Copy nothing but the lines from the opening of the entries through the line that contains "Empieza por tomar", exactly as written. Drop the pictures.

# Supplied entries
++++++

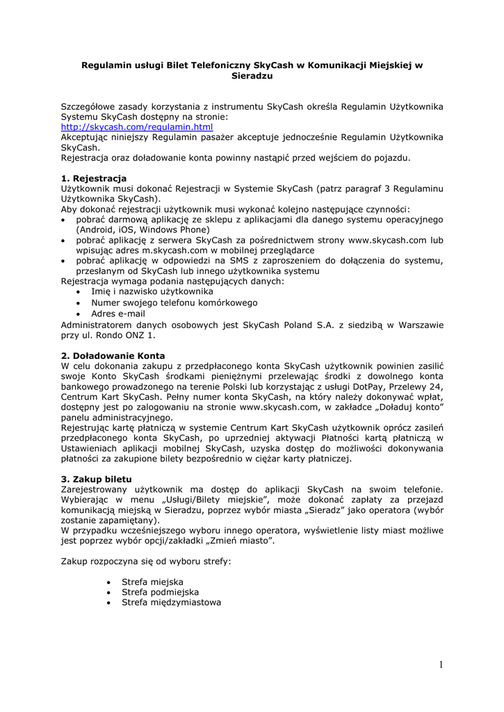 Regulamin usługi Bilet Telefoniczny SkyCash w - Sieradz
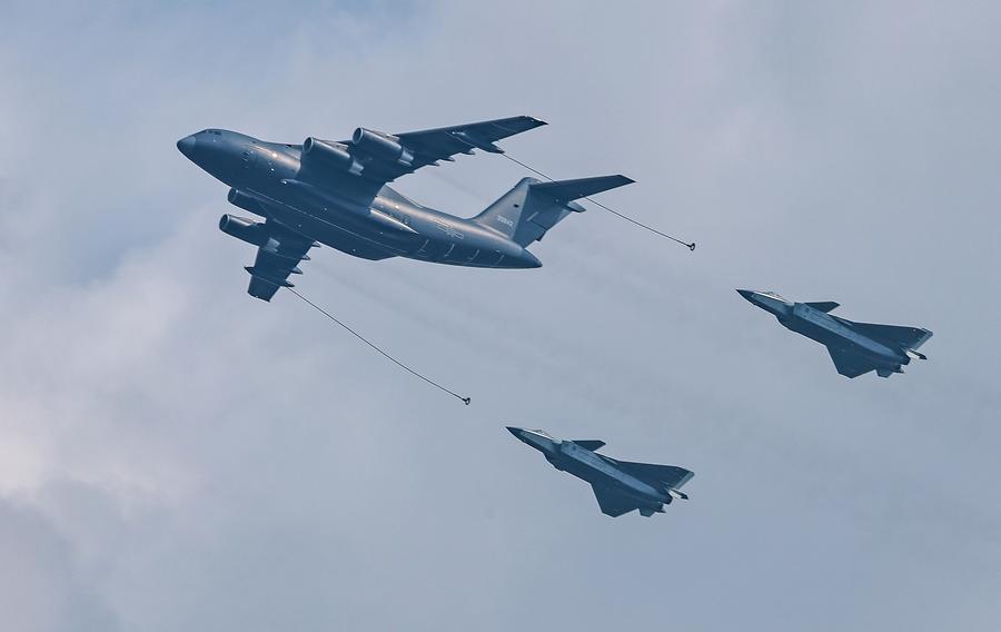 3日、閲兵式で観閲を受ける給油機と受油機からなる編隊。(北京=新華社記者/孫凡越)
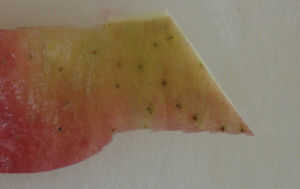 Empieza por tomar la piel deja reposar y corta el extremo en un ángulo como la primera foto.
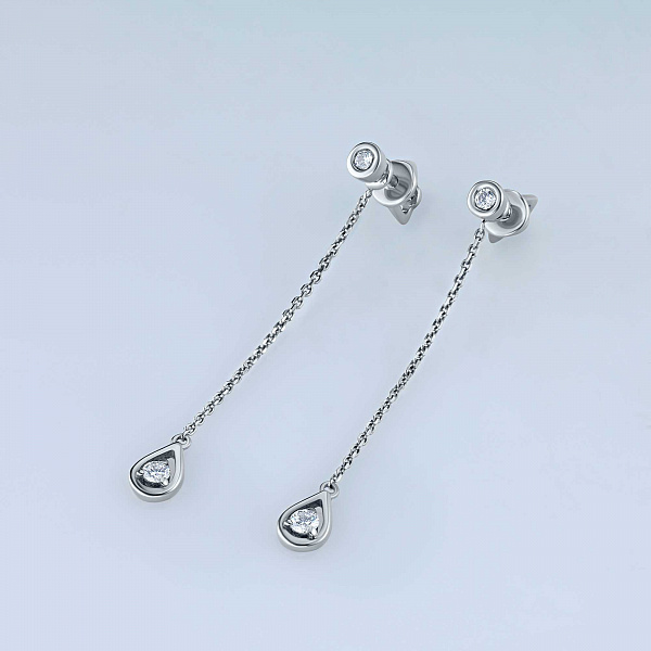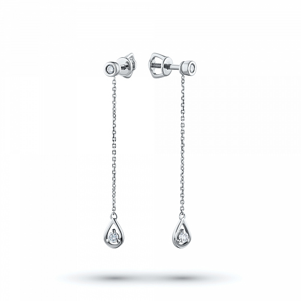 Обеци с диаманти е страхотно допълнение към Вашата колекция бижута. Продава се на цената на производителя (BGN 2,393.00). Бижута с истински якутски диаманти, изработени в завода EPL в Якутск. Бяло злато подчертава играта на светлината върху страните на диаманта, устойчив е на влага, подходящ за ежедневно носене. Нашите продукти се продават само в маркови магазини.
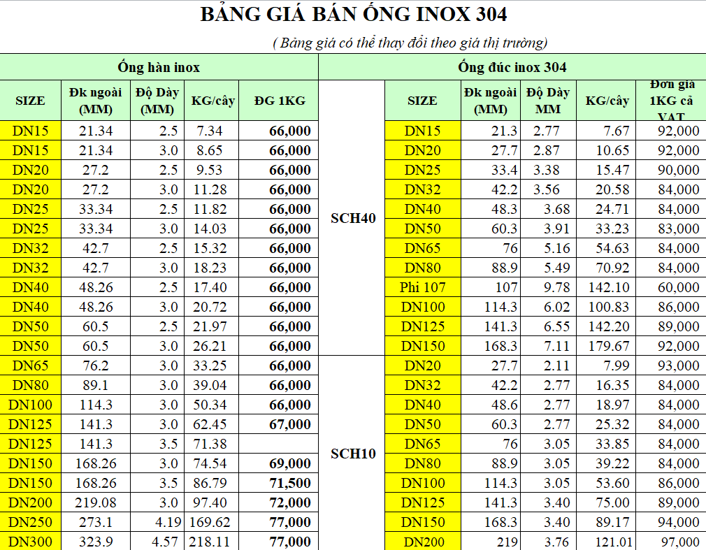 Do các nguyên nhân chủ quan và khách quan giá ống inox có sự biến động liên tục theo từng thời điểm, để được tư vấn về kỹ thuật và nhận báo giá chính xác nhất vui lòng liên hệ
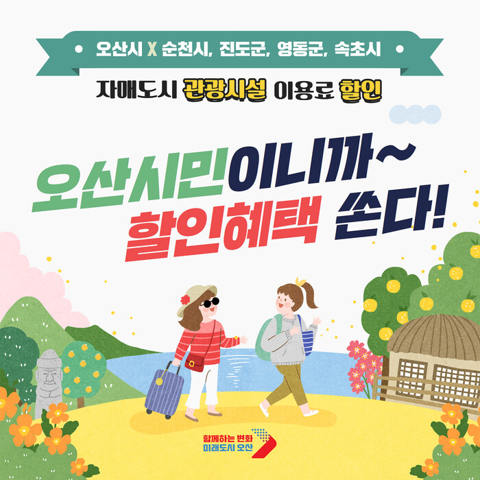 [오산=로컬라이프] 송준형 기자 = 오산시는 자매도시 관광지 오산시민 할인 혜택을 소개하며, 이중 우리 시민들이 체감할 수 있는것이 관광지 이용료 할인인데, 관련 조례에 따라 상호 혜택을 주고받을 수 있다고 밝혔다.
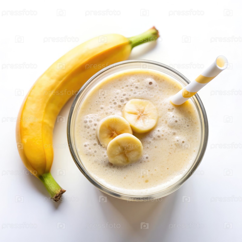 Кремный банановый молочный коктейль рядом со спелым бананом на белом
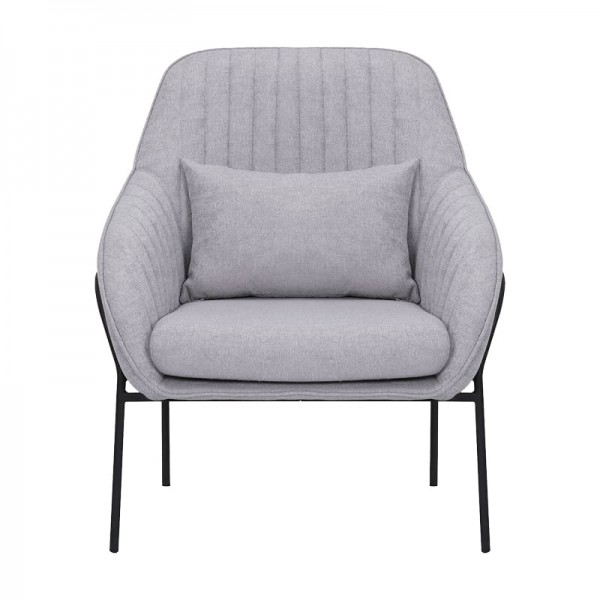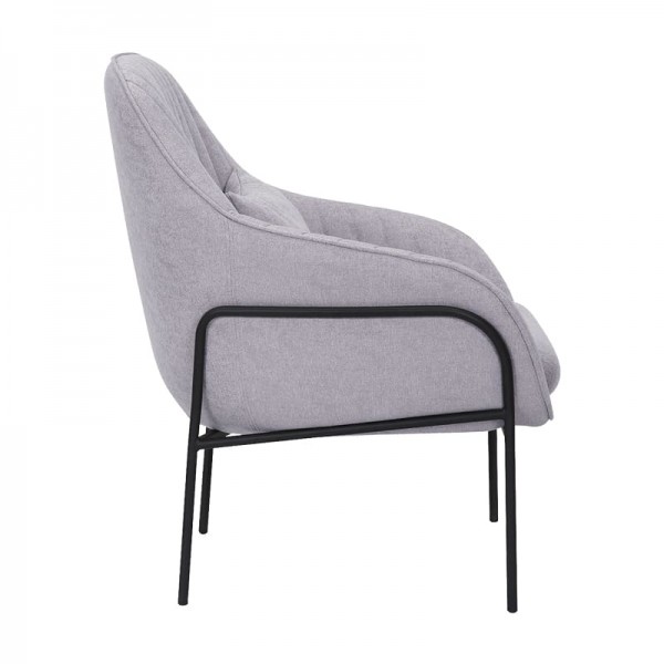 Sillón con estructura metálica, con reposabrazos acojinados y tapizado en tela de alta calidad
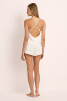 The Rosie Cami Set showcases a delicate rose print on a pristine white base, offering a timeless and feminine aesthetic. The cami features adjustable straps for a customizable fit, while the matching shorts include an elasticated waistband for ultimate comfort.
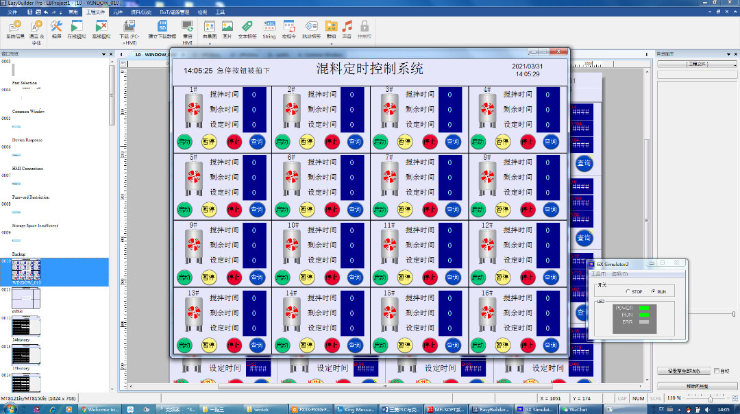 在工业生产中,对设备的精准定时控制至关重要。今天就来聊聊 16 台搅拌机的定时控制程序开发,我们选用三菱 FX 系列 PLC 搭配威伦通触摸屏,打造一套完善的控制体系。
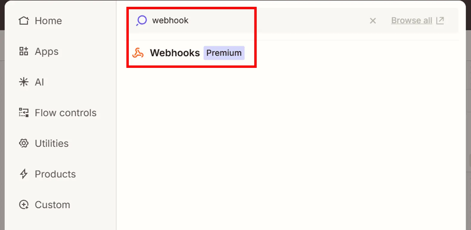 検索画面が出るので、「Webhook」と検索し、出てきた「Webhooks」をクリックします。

++++++

# Your solution
 Regulamin usługi Bilet Telefoniczny SkyCash w - Sieradz
 3日、閲兵式で観閲を受ける給油機と受油機からなる編隊。(北京=新華社記者/孫凡越)
 Empieza por tomar la piel deja reposar y corta el extremo en un ángulo como la primera foto.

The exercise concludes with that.